Call it the triple-whammy: An elderly parent, a new significant other and an aging bull market.
A reader recently shared his frustrations over watching his elderly father gift a large portion of his assets to a new, much- younger girlfriend. He is his father’s designated power of attorney but learned quickly through his attorney that there’s not a lot he can do about the situation because the father hasn’t been declared (often by a physician) to be incapacitated.
The months or years leading up to a determination that would trigger a power of attorney designation are complex and often emotionally painful.
Meanwhile, as interest rates remain at historically low levels, and market prognosticators trim their expectations for stock and bond portfolio returns in coming years, families are concerned about a combination of big withdrawals and low returns at the end of life that will ultimately decimate the elders’ savings and leave adult children on the hook to make up the difference.

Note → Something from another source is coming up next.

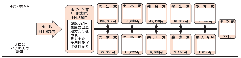 一方、収入では、市民税や固定資産税などの市税が1人当たり15万8973円です。その他、国庫支出金や地方交付税などの財源が28万5897円となっています。

Many of the worst financial abusers are the very children or other relatives who are supposed to be looking out for these seniors, experts say.
“It’s the old he said, she said,” says Martin Shenkman, a New Jersey tax and estate planning attorney. “Is the new girlfriend unduly influencing the senior or taking incredible care of him, and it’s the children who are just trying to save their inheritance? Often, nobody (considered a neutral party) knows.”
Beginning to document examples of financial mismanagement is a common first step but can also be fraught with consequences, experts say.
Shirley Whitenack, an estate planning attorney and president of the National Academy of Elder Law Attorneys, said she has seen many families pulled apart as children fight in court to take control of parents’ assets.
“Then if the children lose, the parents by then are so angry they cut the kids off completely,” she said.
Inheritance issues are always tricky, as any parent knows who has contemplated leaving assets to children according to their perceived needs rather than splitting them equally. On that front, many families have learned that children’s circumstances can often change over time, and that giving different amounts can permanently damage sibling relationships long after the parents are gone.
Splitting an estate equally puts the onus on the children, not the parents, to be good stewards of the money.
In other words, simpler is sometimes better.
That’s the theory behind financial planner Satoru “San” Asato’s retirement income planning with clients, he said.
One client, a mentally fit and affluent woman in her early 80s, began dating a man with very few financial resources, prompting an adult child, her power of attorney, to voice some concerns.
“What makes the situation manageable for us is our process,” Asato said. When the woman first became a client, they agreed that the goal of her financial plan was to spend her assets down completely, with no inheritance goal.
Using software and a withdrawal discipline that can respond to investment return volatility and a planning horizon five years beyond a conservative life expectancy estimate, he’s confident she won’t exhaust the funds. If for some reason it begins to look like she might, she can tap home equity. If not, then the home becomes the asset she passes down to heirs.
“I tell clients, ‘My interest is in you staying financially independent for the rest of your life, and we’re going to (aim to) spend all that money down to zero,’ ” Asato said. “When I say that, they are initially shocked, but by the time we discuss it a little bit, they all say, ‘Yes, I want to stay independent, and any money leftover and the real estate can go to the kids.’ ”
“When I explain this to (clients’) kids, they are relieved to know they won’t need to fund income security for their parents in retirement,” he said. Resolving some of the unknowns about their parents’ plan tends to dissipate a lot of concerns, he said.
The upfront income planning also helps clients keep some perspective on their assets as their personal relationships change, he said.
“When I explain what the income is they’ll have off of their assets, women clients in particular are able to stay on budget so they don’t jeopardize that income.”
Asato doesn’t try to tackle getting into detail about what, or who, clients spend their money on. Again, simpler is better, he said.